Below, somewhere in the bowels of the great hall, a door thudded.
The new duke had arrived.
And from the distant reaches of the north wing, faint but unmistakable, came the rhythmic clack of a walking stick against stone floors.
The dowager was on the move.
Josephine’s stomach turned to ice, but she kept walking, kept breathing, kept her face relaxed. She had survived a year in this house. She had survived a marriage that had been nothing like the one she was promised. She had survived things she could not yet speak of, and the weight of what she carried for all of them had not broken her.
She would survive this, too.
She had to.
CHAPTER 2
The butler materialized from the dim interior of the entrance hall with the silent specificity of one who had spent decades perfecting the art of the unannounced arrival. He was tall, gaunt, and possessed of a face so thoroughly drained of warmth, it might have been carved from the same gray stone as the manor itself. His pale eyes swept over Alistair with a flicker of assessment, calculating, Alistair suspected, not the measure of a duke but the measure of a threat.
“Your Grace,” he intoned. The words were correct. The tone was not. It carried the barest edge of something that sounded less like deference and more like an indictment. “Hobbs, Your Grace. The family awaits you in the drawing room. If you will follow me.”
Alistair did not care for the man on sight, which was not a judgment he often made so swiftly. He prided himself on giving people time to reveal their characters before forming conclusions. But there was something about the butler’s bearing, the rigid spine, the faintly contemptuous set of his mouth, that put Alistair in mind of a gatekeeper who had decided, long before his arrival, that the new master was not welcome.

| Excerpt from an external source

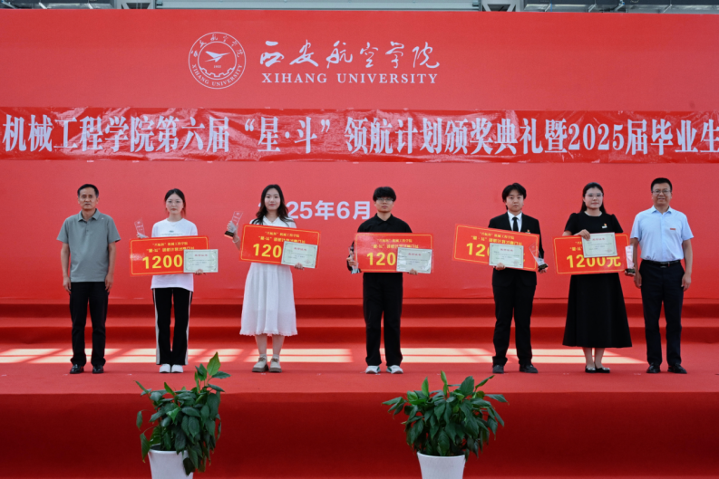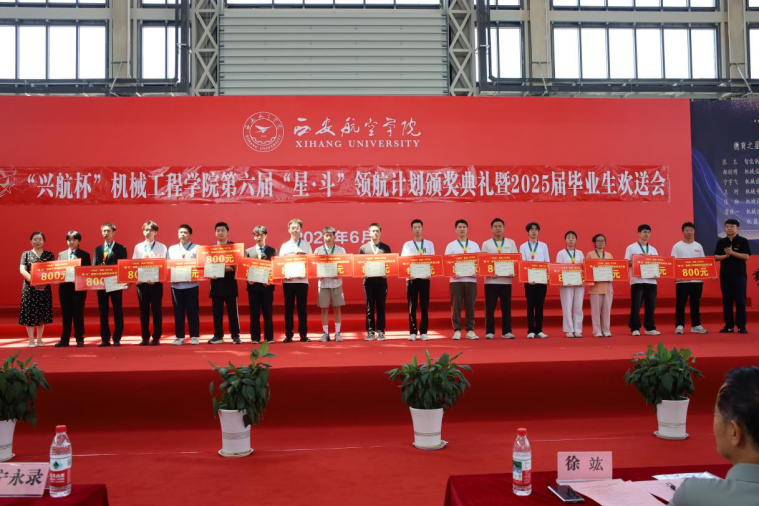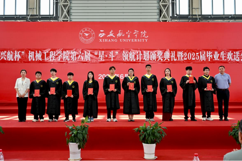 6月23日下午,beat365官方网站第六届“兴航杯”星•斗领航计划颁奖典礼暨2025届毕业生欢送会在阎良校区民航实验实训基地举行。西安兴航航空科技股份有限公司总经理徐竑、人事经理丁楠,校党委副书记宁永录,组织部申良、学生工作处李波、图书馆刘文哲、教务处刘宁、校办工厂郝大鹏、体育部薛红强等部门负责人,以及beat365官方网站全体干部、师生代表共同出席典礼,见证荣耀时刻,共叙师生情谊。

“Beckwith,” Alistair said, turning to his estate manager who stood a pace behind, hat in hand, taking in the crumbling grandeur of the entrance hall with the expression of a surgeon surveying a patient. “Get yourself settled and find the estate office. We will meet this evening to discuss your initial observations.”
Beckwith inclined his head and departed without ceremony, which left Alistair to follow the cadaverous butler through a succession of corridors that smelled of damp plaster, beeswax, and the certain brand of antiquity that came from centuries of accumulated dust, grief, and poor ventilation. The floorboards groaned beneath his boots. Tapestries hung in faded silence along one wall, their hunting scenes so darkened by age that the stags appeared to be fleeing into shadow. Portraits of dead Oxleys peered down from the walls with expressions of collective disapproval, as though the entire lineage had foreseen this moment and found it wanting.
Alistair noted the cracks in the plaster, the slight bow in a ceiling beam, the places where the paneling had warped from damp. His notebook hand itched. He had been in the building mere minutes, and already the repair list threatened to outgrow its binding.
Charming.
He was already preparing the letter to Franklin in his head.
The estate is worse than anticipated. The butler appears to be an automaton. The portraits are hostile. Expect my return within the week.
Hobbs paused before a set of double doors at the end of a paneled gallery. The wood was dark oak, carved with the Oxley crest that Alistair recognized from the solicitor’s correspondence, a griffin rampant above a motto he did not bother to translate. Hobbs rapped twice with a bony knuckle andpushed them open without waiting for a response. “His Grace, the Duke of Oxley,” he announced and stepped aside.
Alistair crossed the threshold into the family drawing room and stopped.